We construct a 4-sided figure ABED as follows:
|∠ABE| =  90 degrees
|∠BED| = 100 degrees
|AB|   = |ED|

Once we have that, we'll now tinker a bit to show that 90=100:
Draw the perpendicular bisectors to BE and AD; they'll meet
at some point we'll name C.
Note that while the figure is indeed not necessarily to scale,
this argument stays the same whether C is below 
BD, or above it, on BD.
(You should verify this later.)

(Lemma: we must prove that those two lines indeed meet (i.e. that the 
point C even exists); wouldn't be too hard to do this, since it's 
pretty clear that AD and BE aren't parallel.)

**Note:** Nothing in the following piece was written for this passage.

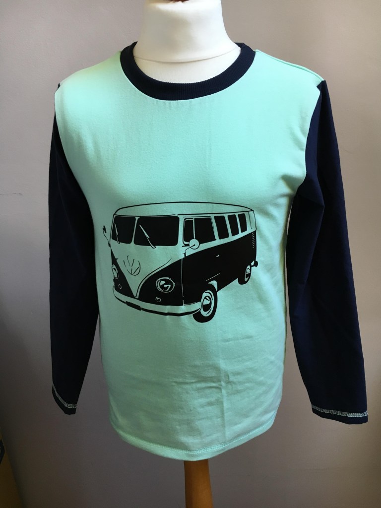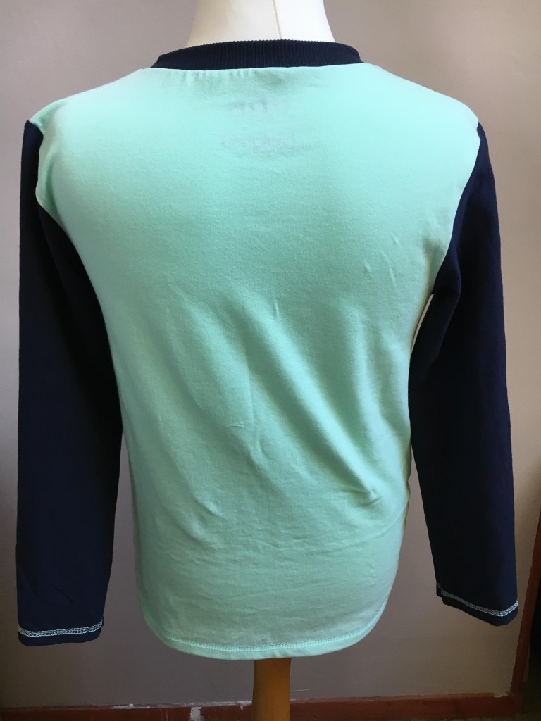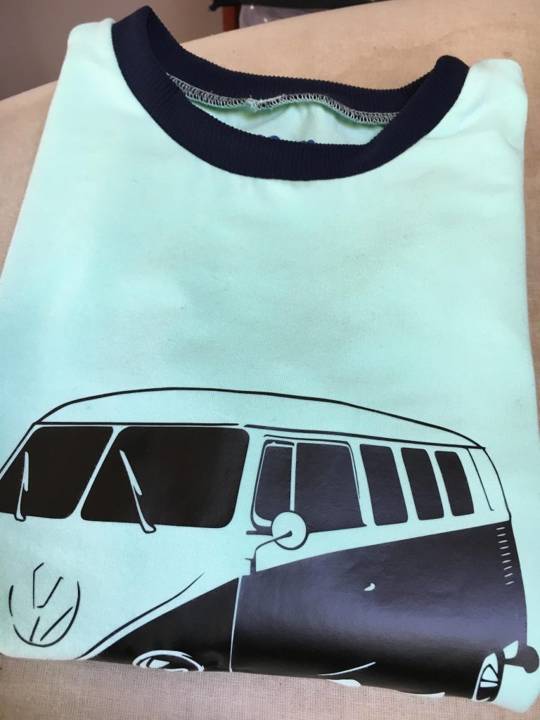 Il a donc choisi un Tee shirt manche longue tout simple, couleur vert d’eau pour le corps, et bleur marine pour les manches, très très passe partout du coup… trop trop passe partout… j’ai pris un risque, j’ai découpé un marquage sans le lui montrer avant… Ca passe ou ça casse comme on dit hein?

 1.   |AB|  = |ED|    by construction
 2.   |BC|  = |EC|    C on perp.bisector of AE   (thus triangle BEC is isosceles)
 3.   ∠CBE  ≈  ∠BEC  base angles of isosocles triangle BEC are congruent
 4.  |∠CBE| = |∠BEC|  congruent angles have equal measures, and line3
 5.   |AC|  = |DC|    C on perp.bisector of AE
 6.    ABC  ≈ DEC     (!!) by SSS, and lines 1,2,5.

From here, it's just routine steps to conclude 90=100:
 7.   ∠ABC  ≈  ∠DEC      corresponding parts of corresponding triangles; 6
 8.  |∠ABC| = |∠DEC|   congruent angles have equal measures; line 7
 9.  |∠ABC| = |∠ABE| + |∠CBE|   by construction
10.  |∠DEC| = |∠DEB| + |∠BEC|   by construction
11.  |∠DEC| = |∠DEB| + |∠CBE|   subst. equals for equals; lines 10 and 4
12.  |∠ABC| = |∠DEB| + |∠CBE|   subst. equals for equals; lines 11 and 8
13.  |∠ABE| + |∠CBE| = |∠DEB| + |∠CBE|   subst. equals for equals; lines 12 and 9
14.  |∠ABE| = |∠CBE|   subtract equals from equals remains equal
15.      90 = |∠CBE|   by construction, and replace-equals-by-equals
16.      90 = 100      by construction, and replace-equals-by-equals






A useful corollary: 0=1.
 1. 90 = 100    Previous theorem.
 2.  0 = 10     Subtract 90 from both sides remains equal
 3.  0 = 1      Divide by 10 (non-zero) on both sides remains equal.





Note that were C to occur above BE,
then the proof is essentially the same;
we just change lines 9 and 10 to have a - instead of a +,
and on line 13 we add (rather than subtract) the same to both sides.

(If C occured exactly on BE, then either proof would hold,
as we'd be adding or subtracting zero.)




Challenge:
Identify exactly, which is the first line in error.


(If you can't, you are welcome to give me $100,
and i'll return you an equal amount. :-)









This result suggests we need to be good at proofs.